You may go through the Vivado HLS flow by running:

$ vivado_hls hls.tcl

The C code synthesis takes roughly 14 minutes while the RTL exportation takes 2 minutes (on Ryzen 3700X). The output of this step is an exported HLS IP, written in Verilog. Accroding to our experience, co-simulation is not compulsory for designs like this that do not involve custom stream interfaces.

2. Vivado

In this step we integrate the generated HLS IP into the whole system, and generate the bitstream (.bit) and the hardware configuration file (.hwh). You may go through the Vivado flow by running:

$ cd ../RTL
$ vivado -mode tcl -source rtl.tcl

In this configuration, the Zynq processor works under 333MHz. After running this script, the generation of bitstream (.bit) is not completed even though the script shows to be terminated. It takes serveral hours for bitstream generation, and you may observe the progress in vivado GUI.

3. Host

After generating the bitstream, the final step is to finish the host code running in the processing system, in this case the embedded ARM core. Usually it is written in C, but the PYNQ framework allows us to write in Python.

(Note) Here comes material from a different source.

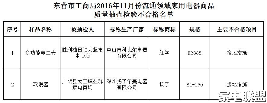 [其他] 家用电器质量抽检 2批次产品不合格 |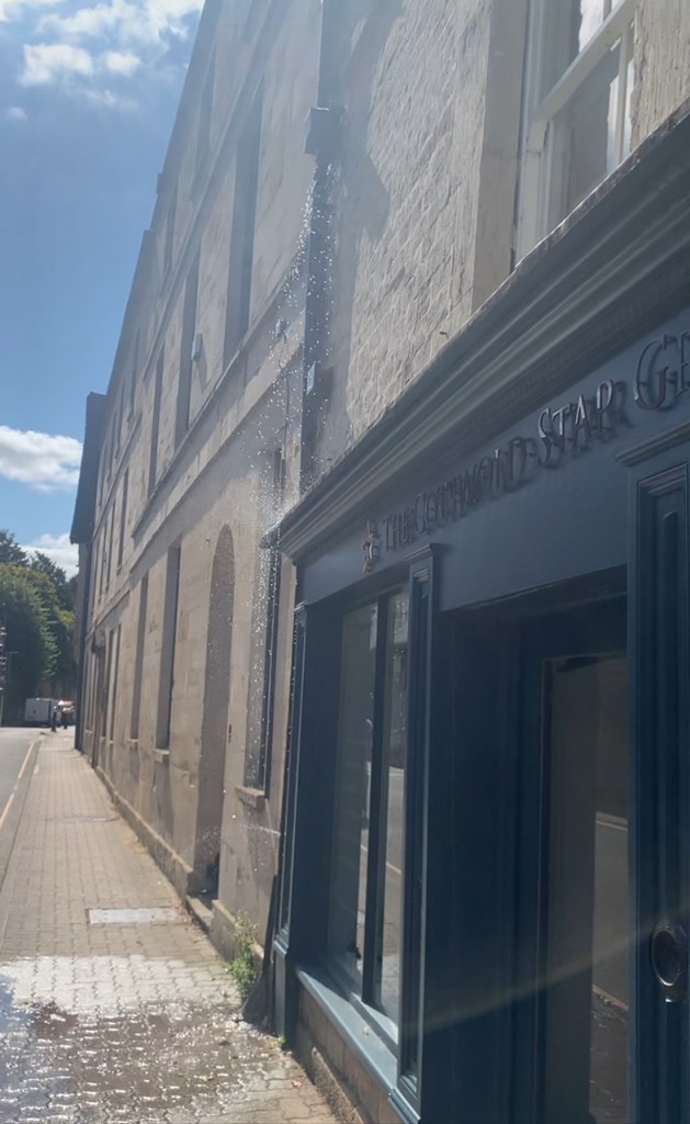 Dollar Street Cirencester: Blocked rainwater downpipe with suspected contamination with foul water? It’s being going on for months at the old Whiddett’s Bakery, now Star developments, with what looks like sink waste all over the street.

First, find the following three files to upload to the board (default name and path):

  1. ultra96v2_wrapper.bit (RTL/RTL.runs/impl_1)
  2. ultra96v2.hwh (RTL/RTL.srcs/sources_1/bd/ultra96v2/hw_handoff)
  3. SkyNet.bin (C/weight)

Remember to rename the .bit and .hwh file to SkyNet.bit and SkyNet.hwh, or anything but need to be the same. Second, in the Python host file, allocate memory for weights, off-chip buffers, load parameters, download the overlay (.bit) to program the FPGA logic and specify the IP addresses. You may refer to the run.py.

4. SDSoC

We go through the process of generating bitstreams in SDSoC and call the accelerator in PYNQ (you can also use the .elf file generated by SDSoC). If you are using ZCU104 or ZCU102, you can build the bitstream with SDSoC. Remember to modify the HLS Interface pragma, although SDSoC supports overriding SDS pragma with HLS interface pragma, there will be wiring error if multiple interfaces share the bus with bundle. For instance, bundling img and fm together helps to save 18 BRAMs:

void SkyNet(ADT4* img, ADT32* fm, WDT32* weight, BDT16* biasm)
{
#pragma HLS INTERFACE m_axi depth=204800 port=img    offset=slave bundle=fm
#pragma HLS INTERFACE m_axi depth=628115 port=fm     offset=slave bundle=fm

However, this will cause wiring error, so you have to assign an independent bus for img in SDSoC:

void SkyNet(ADT4* img, ADT32* fm, WDT32* weight, BDT16* biasm)
{
#pragma HLS INTERFACE m_axi depth=204800 port=img    offset=slave bundle=img
#pragma HLS INTERFACE m_axi depth=628115 port=fm     offset=slave bundle=fm

That's why you cannot build the bitstream using SDSoC if you are using Ultra96, Ultra96 does not have enough BRAM if the img and fm interface are implemented seperately. However, we still provide the SDSoC platform of Ultra96 in case you manage to reduce the BRAM consumption. Noting that the bitstream, not the BOOT.bin and image.ub generated with Ultra96v1 SDSoC platform can run on Ultra96v2, and vice versa.